Friday, 21 May 2021 15:19

World’s largest iceberg

An iceberg with crevasses in the Weddell Sea, Antarctica An iceberg with crevasses in the Weddell Sea, Antarctica Photo: blickwinkel/Alamy

The 4,320 square kilometre slab of ice dubbed A-76 broke off Ronne shelf and is floating in Weddell sea

A giant slab of ice almost four times the size of New York City has sheared off from the frozen edge of Antarctica into the Weddell Sea, becoming the largest iceberg afloat in the world, according to the European Space Agency.

The newly calved berg, designated A-76 by scientists, was spotted in recent satellite images captured by the Copernicus Sentinel-1 mission, the space agency said in a statement posted on its website with a photo of the enormous, oblong ice sheet.

Its surface area spans 4,320 sq km (1,668 sq miles) and it measures 175km (106 miles) long by 25km (15 miles) wide.
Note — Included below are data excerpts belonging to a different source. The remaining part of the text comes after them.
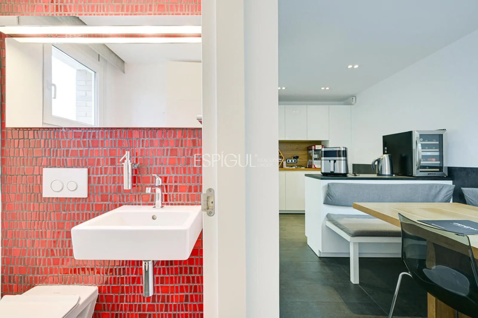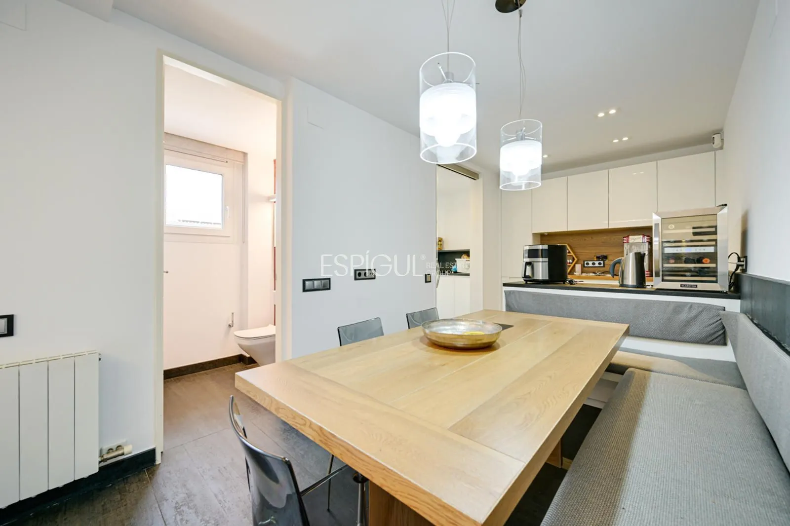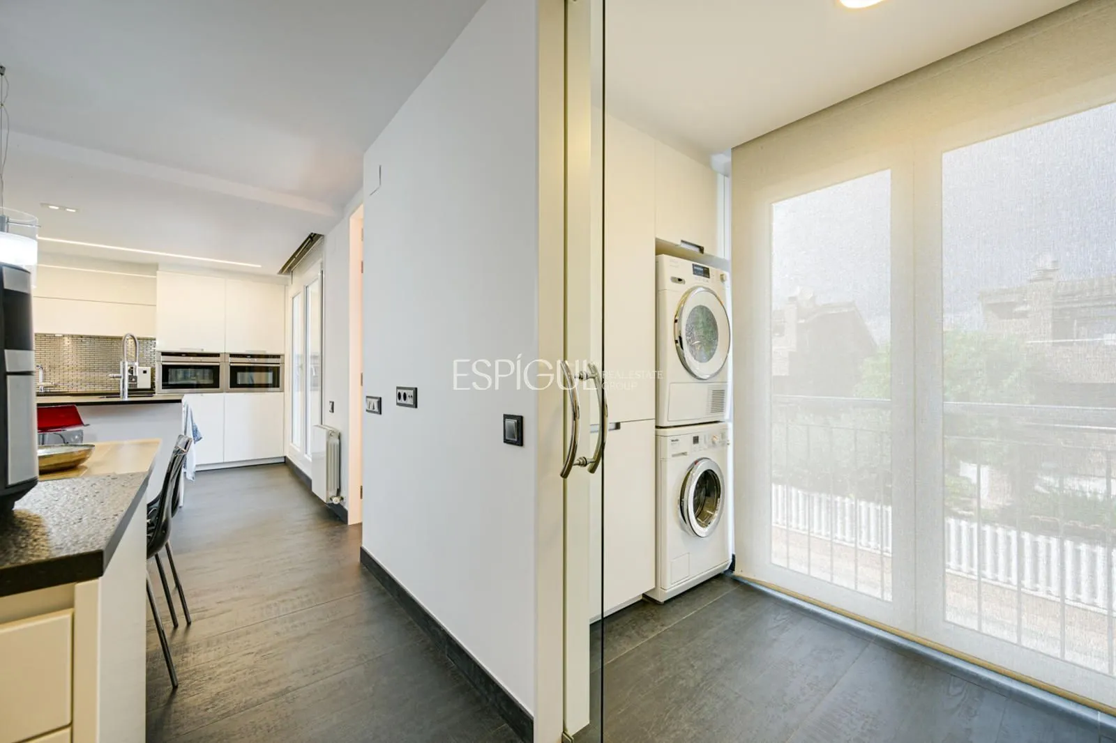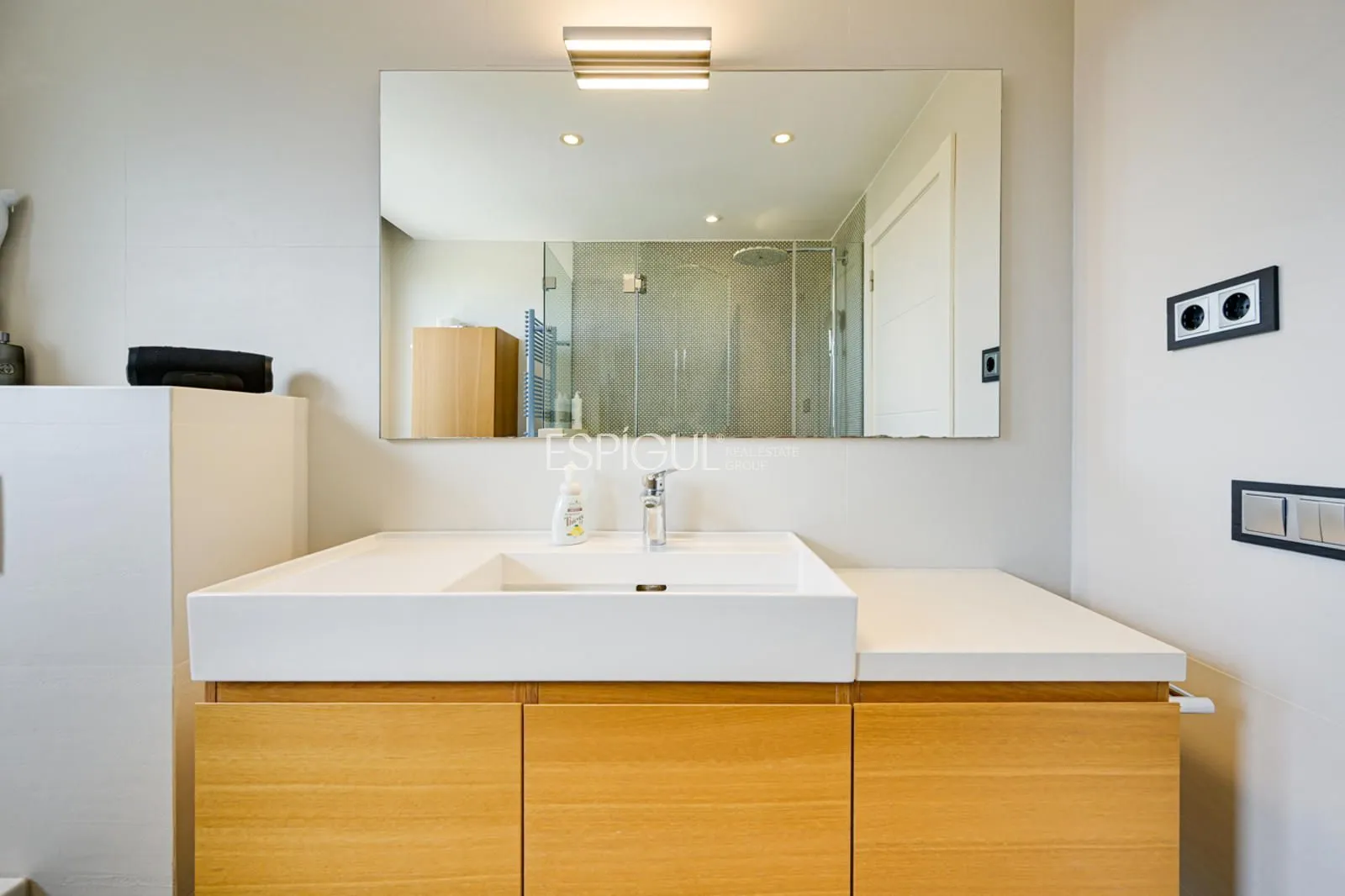 Étage principal (espace de jour) : salon spectaculaire avec cuisine à concept ouvert, entièrement équipée avec des appareils haut de gamme NEFF (four à vapeur et micro-ondes intégrés), teppanyaki, installations dissimulées dans le plan de travail, emplacement pour double réfrigérateur et système de collecte des déchets organiques. Il dispose également d’une buanderie indépendante avec ventilation naturelle, de toilettes pour invités et d’un accès direct à la terrasse et au jardin privé avec piscine, pergola, porche, espace barbecue et cuisine extérieure.
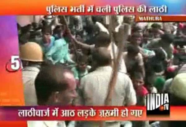 Mathura, Aug 10 : The Mathura police on Tuesday lathicharged a fairly large crowd of unemployed youths who had gathered to buy application forms for recruitment to police service in the district.
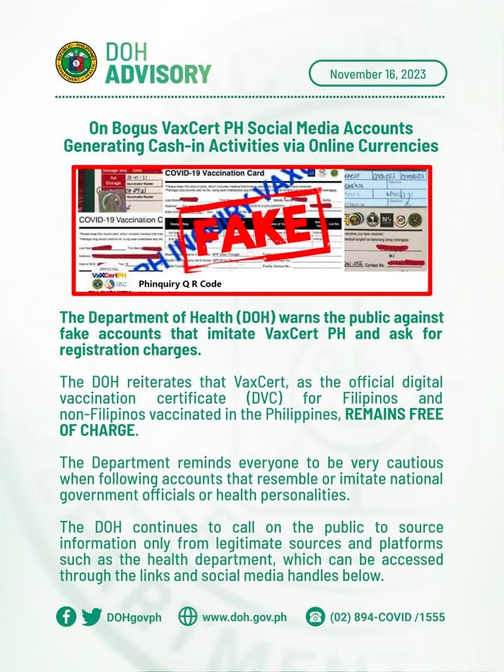 卫生部随后提醒菲律宾人在接触类似或冒充政府官员或卫生官员的账户时要小心谨慎。卫生部还建议公众仅从可信来源和该部门的官方社交平台获取信息。

By comparison New York City’s total area of land and water is 1,213 sq km while the Spanish island of Mallorca in the Mediterranean occupies 3,640 sq km.
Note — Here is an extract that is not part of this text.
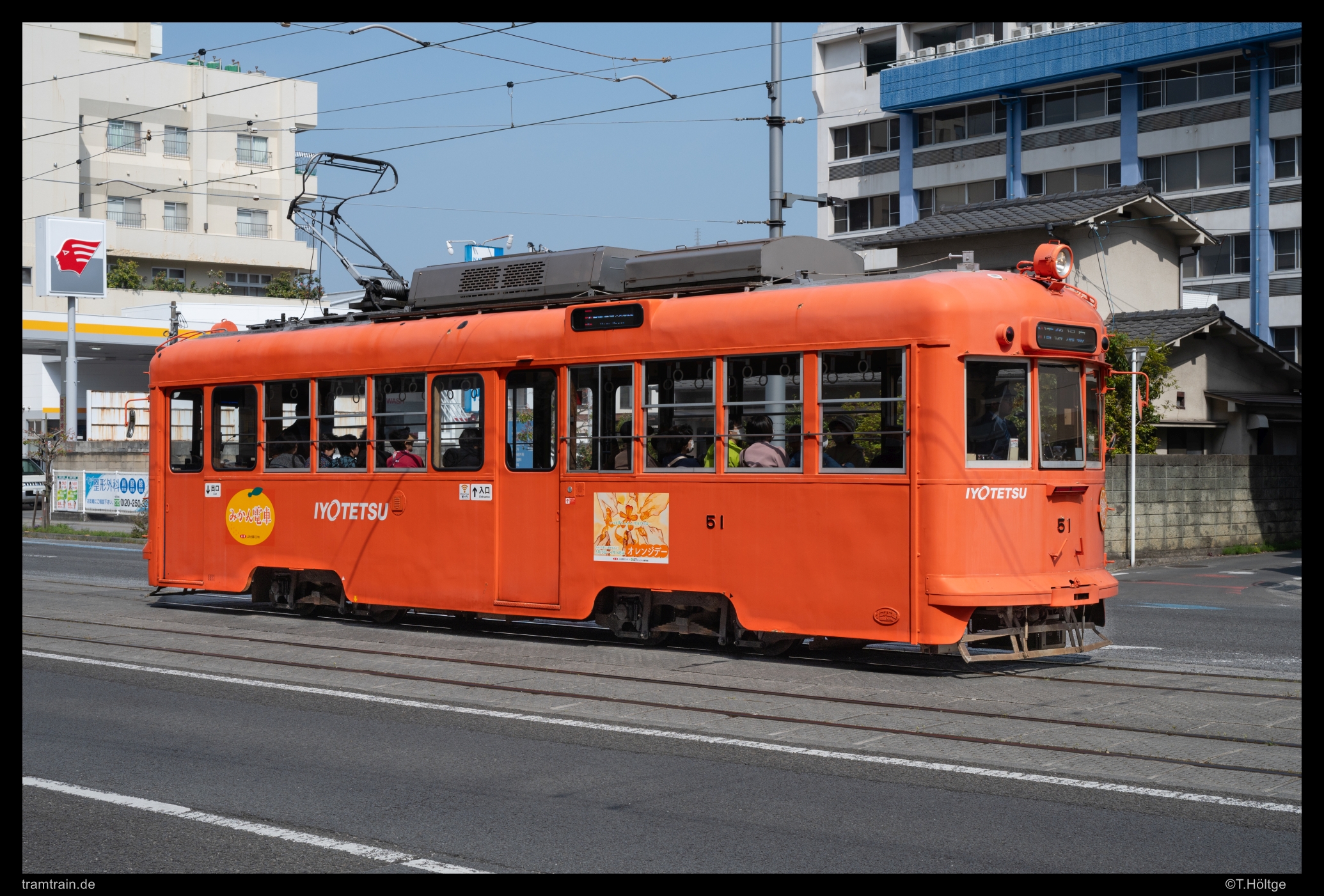 Wir sind nun am Abzweig vorbei und verlassen mit den Linien 3 und 5 den Ring in Richtung Dogo Onsen. Auf der kurzen Linie 3 dauert es nie lang, bis Wagen 51 wieder des Weges kommt, diesmal in Richtung Dogo Onsen hinter der Haltestelle Minamimachi (22).

The enormity of A-76, which broke away from Antarctica’s Ronne ice shelf, ranks as the largest existing iceberg on the planet – surpassing A-23A, which is about 3,380 sq km and is also floating in the Weddell Sea.

Another big Antarctic iceberg that had threatened a penguin-populated island off the southern tip of South America has since lost much of its mass and broken into pieces, scientists said earlier this year.

A-76 was first detected by the British Antarctic Survey and confirmed by the US National Ice Center based in Maryland using imagery from Copernicus Sentinel-1, consisting of two polar-orbiting satellites.

The Ronne ice shelf on the flank of the Antarctic Peninsula is one of the largest of several enormous floating sheets of ice that connect to the continent’s landmass and extend out into the surrounding seas.

Periodic calving off of large chunks of those shelves is part of a natural cycle. But some ice shelves along the Antarctic peninsula have undergone rapid disintegration in recent years, a phenomenon scientists believe may be related to climate change.